Рис. 1. Где «жил» FlashFake 4 апреля 2012 года
Рис. 1. Где «жил» FlashFake 4 апреля 2012 года

FlashFake использовал для связи со своими командными серверами механизм DGA (Domain Generation Algorithm — алгоритм генерации доменных имен), генерировавший случайные доменные имена в зависимости от текущей даты, по пять штук в день. Этим не преминули воспользоваться сотрудники антивирусных компаний для развертывания sinkhole-маршрутизаторов, чтобы оценить примерное количество заражений. Жаль, что компания Dr.Web не сообщила об этом компании Apple — последняя подала запрос на отзыв одного из доменных имен, используемого Dr.Web для работы своего sinkhole-маршрутизатора… Помимо DGA, в коде FlashFake имелось 25 жестко заданных С&C.

Основная «заслуга» FlashFake состоит в том, что теперь для заражения малварью не требовалось каких-либо действий со стороны пользователя Mac — кроме, разумеется, посещения странички с вредоносными редиректами. До него трояны для OS X маскировались под установочные файлы, и для их успешной работы пользователь должен был ввести пароль администратора, что существенно снижало риск заражения. Поначалу и FlashFake использовал похожую методику, заражение происходило достаточно примитивным и старым как мир способом: при посещении пользователем вредоносного сайта выдавалось сообщение, что для корректного отображения страницы нужно установить последнюю версию Flash Player. Если пользователь решал, что ему это жизненно необходимо, и соглашался, устанавливался поддельный инсталлятор с расширением dpg или mpkg. К слову сказать, инсталлятор выглядел достаточно презентабельно и правдоподобно (см. рис. 2).

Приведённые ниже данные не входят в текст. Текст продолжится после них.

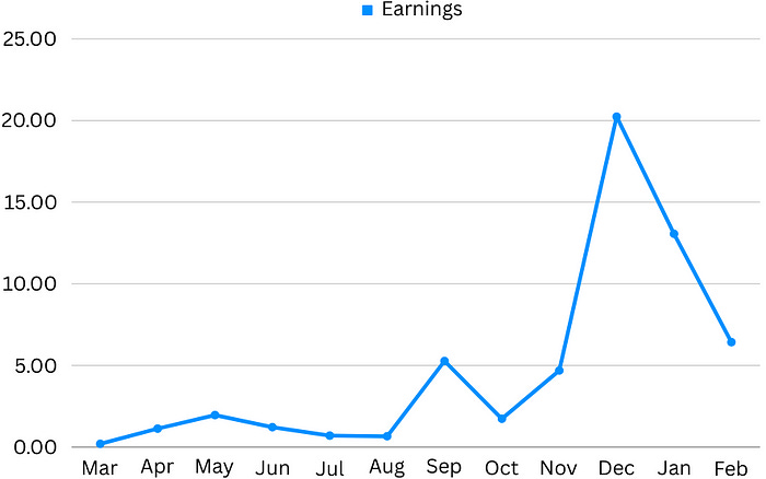 This graph shows my earnings for my first year as a Medium member starting in March 2024. The earnings shot up when I became a Friend of Medium in December, but they plummeted in January and crashed in February.
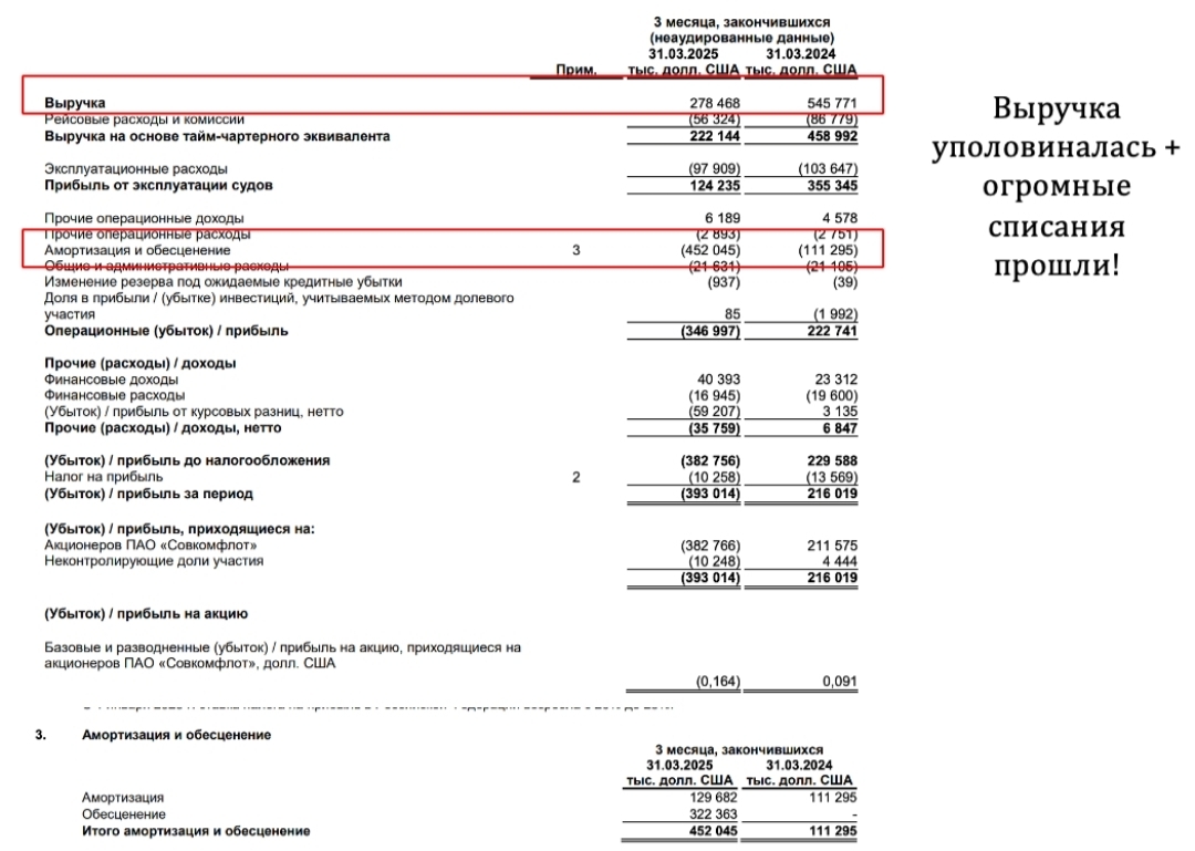 — Списания. Некоторых может напугать операционный убыток в 346 млн долларов, но убыток связан с обесценением судов на 322 млн долларов. По - сути компания отработала квартал в 0!
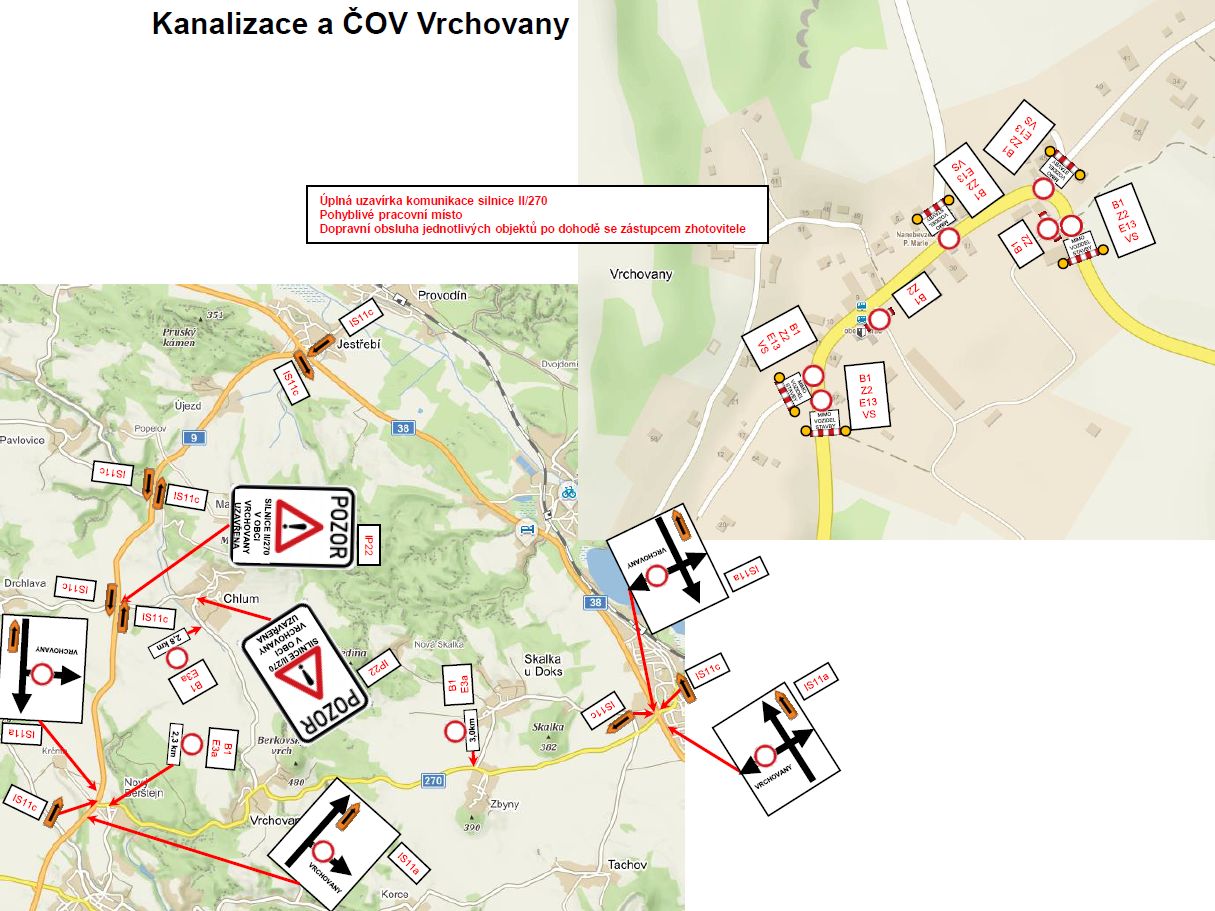 z důvodu výstavby kanalizace a rekonstrukce silnice II/270 mezi Dubou a Doksy v obci Vrchovany, dochází od pondělí 12.4.2021 k úplné uzavírce této silnice. Z tohoto důvodu jsou na linkách veřejné linkové dopravy zavedeny výlukové jízdní řády, spoje uzavírku objíždí po silnicích I.třídy přes Jestřebí a Staré Splavy. Obce Skalka a Zbyny jsou obsluhovány po příjezdu do Doks a před odjezdem z Doks vybranými spoji. Posední odpolední spoj je do Skalky a Zbyn veden jak radiobus. Některé spoje jsou o cca 10´ uspíšeny/opožděny na odjezdu/příjezdu.

В каталог /Library/Preferences помещался файл Preferences.dylib, который и осуществлял всю вредоносную деятельность. В качестве идентификатора зараженной системы использовался MD5-хеш от UUID компьютера (Universally Unique Identifier — уникальный 16-байтный номер, генерируемый ОС). Чтобы затруднить жизнь сотрудников антивирусных компаний, вся коммуникационная деятельность между ботом FlashFake и командным сервером шифровалась по алгоритму RC4. Для защиты от подмены управляющий сервер должен был вернуть «правильный» отзыв, представляющий собой свой собственный адрес, подписанный RSA-2048 ключом злоумышленников c дайджестом MD5 и преобразованный в base64.

Рис. 2. Фейковый инсталлятор Adobe Flash — найди хоть одно отличие
Рис. 2. Фейковый инсталлятор Adobe Flash — найди хоть одно отличие

Понимая, что true malware должно запускаться автоматически, а не ждать, пока пользователь соблаговолит нажать кнопку «Установить», разработчики FlashFake с февраля 2012 года в, так сказать, второй версии начали использовать для распространения своего творения уязвимости виртуальной машины Java CVE-2011-3544 и CVE-2008-5353. Для их эксплуатации применялись вредоносные файлы rhlib.jar и clclib.jar соответственно. Кроме того, применялся еще файл ssign.jar, который не содержал в себе никаких эксплойтов, а просто был подписан недействительной подписью в надежде, что пользователь добавит эту подпись в список доверенных и тем самым разрешит выполнение кода.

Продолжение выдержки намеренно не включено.